0,4,9,7,1,1,6,8,5,6,4,5,1,3

This question makes no sense. No specific sequence you can point at is random. Only
the way how the sequence was generated may or may not be random.

So long,
Thomas
 
Thomas Richter...
Posted: Thu Sep 10, 2009 5:25 pm
Guest
Denis schrieb:
Quote:
Thomas Richter ha scritto:
but the Kolmogorov-complexity is defined on infinitely long messages
only.


Why ? What do you mean ?

Because it makes no sense otherwise. I mean exactly that: Kolmogorov complexity
cannot be well-defined on finite messages.

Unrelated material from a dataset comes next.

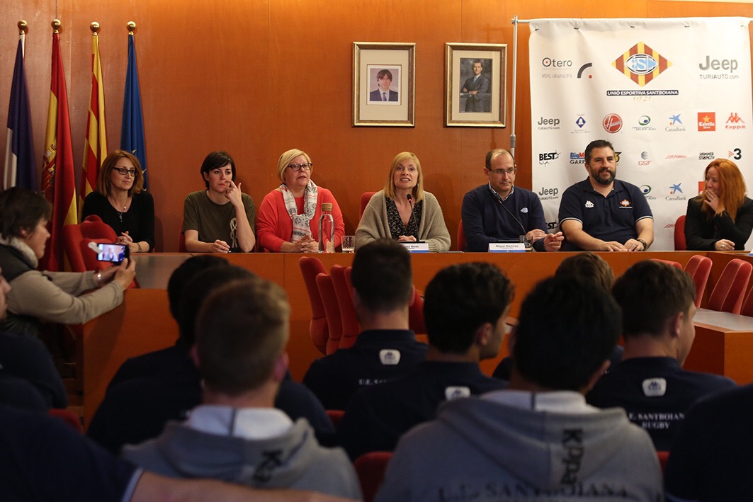 La roda de premsa va tenir lloc a la Sala de Plens i va comptar amb la presència dels jugadors de la UE Santboiana. El club català va donar les gràcies a l’Ajuntament de Sant Boi, l’Ajuntament de Logroño, el govern de la Rioja i el Club de Rugbi La Rioja “pel suport que ens han donat”.

Otherwise, implementation details of
the Turing machine running the algorithm to create the message come into play.

Quote:
I have a long list of references in contraddiction with this claim.

Burn them.

So long,
Thomas
 
glen herrmannsfeldt...
Posted: Thu Sep 10, 2009 5:50 pm
Guest
Mok-Kong Shen <mok-kong.shen at (no spam) t-online.de> wrote:
< Thomas Richter wrote:
(snip)

<> For example, is the following sequence random:

<> 0,4,9,7,1,1,6,8,5,6,4,5,1,3

<> This question makes no sense. No specific sequence you can
<> point at is random. Only the way how the sequence was
<> generated may or may not be random.

< I have some difficulty of understanding here. How could one ever
< know the way how the sequence was generated may or may not be
< random without investigating the sequence obtained? Should one
< investigate the construction/mechanism of software/hardware instead?

Is the following sequence of head/tails from coin flips random?


H, H, H, H, H

It doesn't look very random, but randomly occurs about 3% of the time.
Any finite sequence (over a finite alphabet) can be generate
randomly. It is different for an infinite length sequence.